## Work request
Without the pictures, copy all of the data exactly.

## Supplied data
□ □ □ □
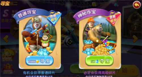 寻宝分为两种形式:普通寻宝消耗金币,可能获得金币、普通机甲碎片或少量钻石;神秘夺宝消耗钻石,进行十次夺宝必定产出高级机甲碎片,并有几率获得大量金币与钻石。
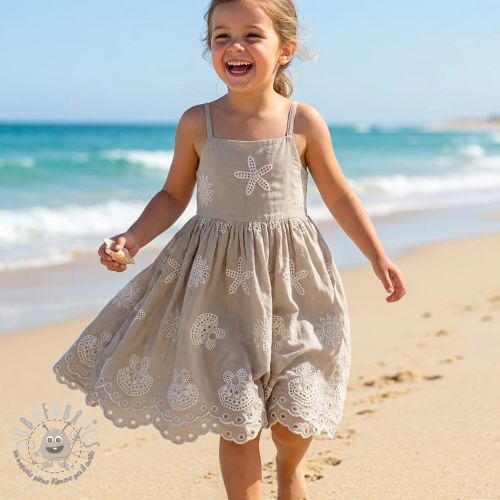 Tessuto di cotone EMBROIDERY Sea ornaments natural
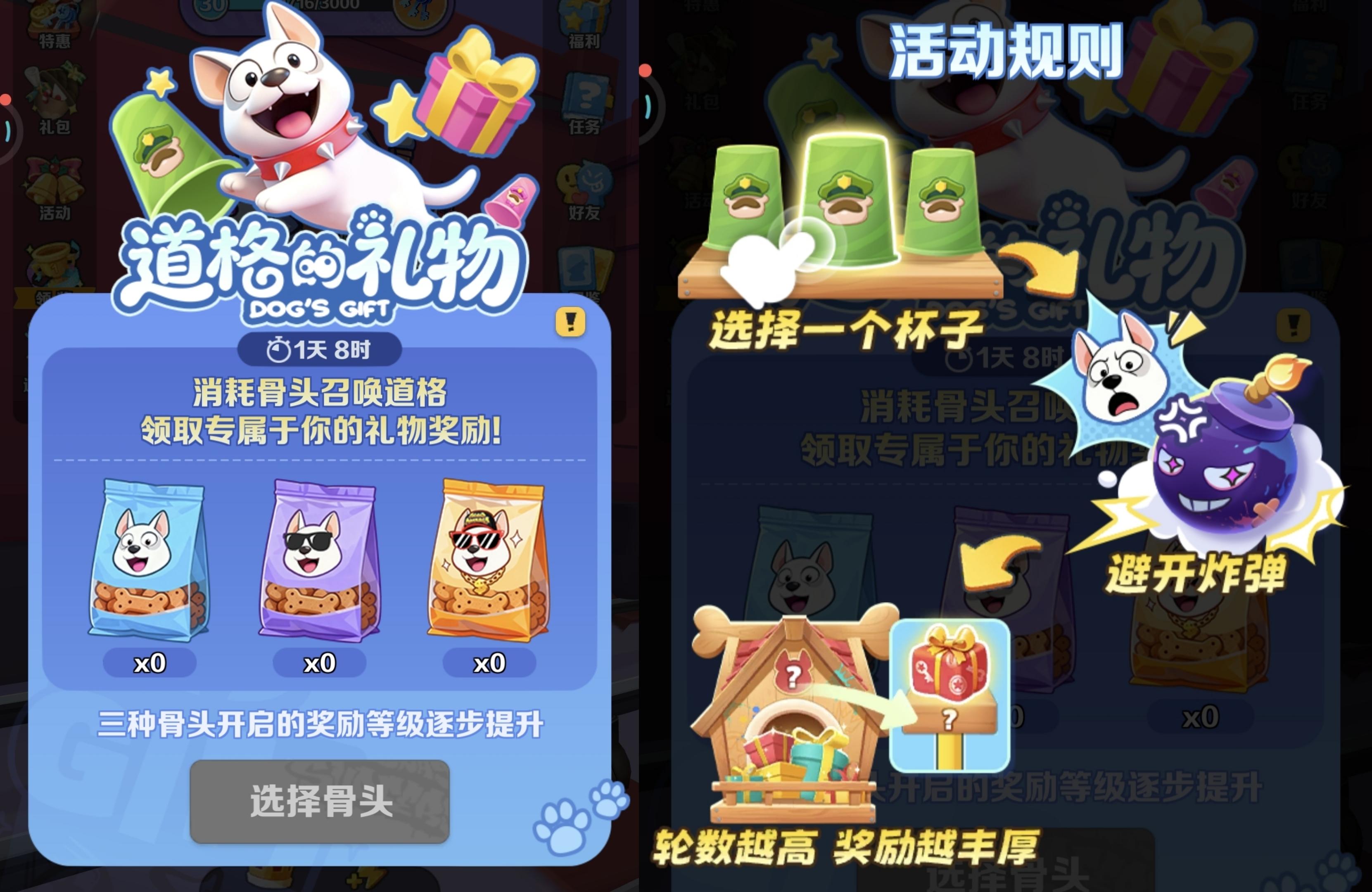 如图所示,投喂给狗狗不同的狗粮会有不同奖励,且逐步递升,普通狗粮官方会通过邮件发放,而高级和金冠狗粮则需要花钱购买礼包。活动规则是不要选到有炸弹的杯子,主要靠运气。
□ □ □ □
## Output below
 寻宝分为两种形式:普通寻宝消耗金币,可能获得金币、普通机甲碎片或少量钻石;神秘夺宝消耗钻石,进行十次夺宝必定产出高级机甲碎片,并有几率获得大量金币与钻石。
 Tessuto di cotone EMBROIDERY Sea ornaments natural
 如图所示,投喂给狗狗不同的狗粮会有不同奖励,且逐步递升,普通狗粮官方会通过邮件发放,而高级和金冠狗粮则需要花钱购买礼包。活动规则是不要选到有炸弹的杯子,主要靠运气。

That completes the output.